Yes. OnDemandFeatureView aggregates **FeatureViewProjection** objects that can reference any materialized view type, including BatchFeatureView and StreamFeatureView. According to [`sdk/python/feast/on_demand_feature_view.py`](https://github.com/feast-dev/feast/blob/main/sdk/python/feast/on_demand_feature_view.py) (lines 60-78), the `_add_source_to_collections` method handles both view projections and RequestSource objects, enabling joins between batch-computed features and real-time request data at serving time.

### Does StreamFeatureView always require a batch source?

Yes. The StreamFeatureView constructor explicitly validates that the stream source contains a `batch_source` attribute in [`sdk/python/feast/stream_feature_view.py`](https://github.com/feast-dev/feast/blob/main/sdk/python/feast/stream_feature_view.py) (lines 33-41). This requirement ensures historical backfills can populate the offline store with stream data that arrived before the streaming pipeline was active, maintaining consistency between training and serving environments.

### Which view type supports windowed aggregations like "sum over last hour"?

Only **StreamFeatureView** supports the `aggregations` parameter for windowed feature engineering. As defined in [`sdk/python/feast/stream_feature_view.py`](https://github.com/feast-dev/feast/blob/main/sdk/python/feast/stream_feature_view.py) (lines 60-63), you can specify aggregation functions (sum, count, etc.) over time windows during stream ingestion. BatchFeatureView and OnDemandFeatureView rely on upstream data sources to provide already-aggregated values or perform aggregations in their transformation UDFs.

### Can OnDemandFeatureView write computed features to the online store?

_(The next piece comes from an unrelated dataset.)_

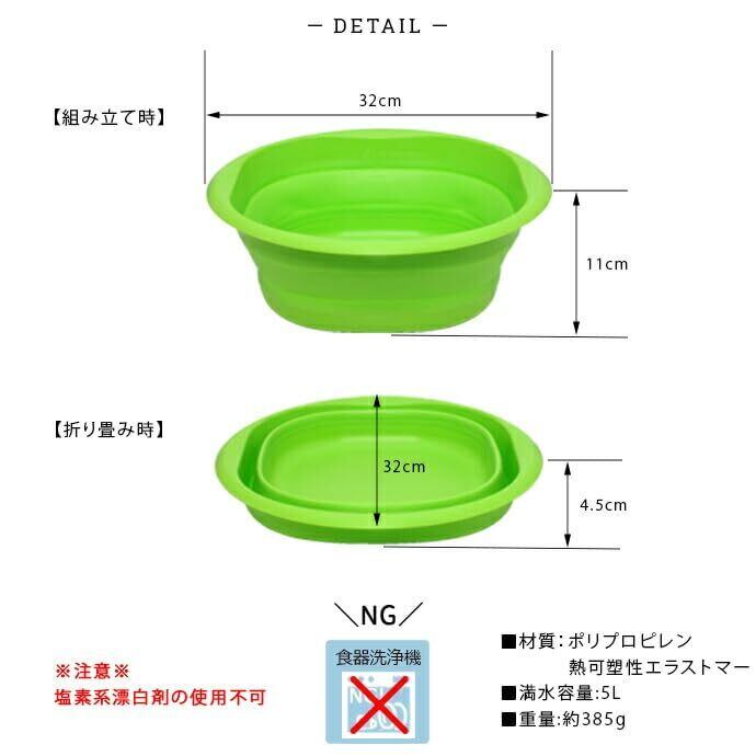 折り畳める シンク用 洗い桶 5L 約32×32×高11cm コンパクト シリコン製 グリーン

Yes. Unlike other view types that materialize through scheduled jobs, OnDemandFeatureView includes a `write_to_online_store` flag in [`sdk/python/feast/on_demand_feature_view.py`](https://github.com/feast-dev/feast/blob/main/sdk/python/feast/on_demand_feature_view.py) (lines 44-48). When enabled, the results of the on-demand transformation are persisted to the online store after the first computation, effectively caching expensive calculations for subsequent identical requests.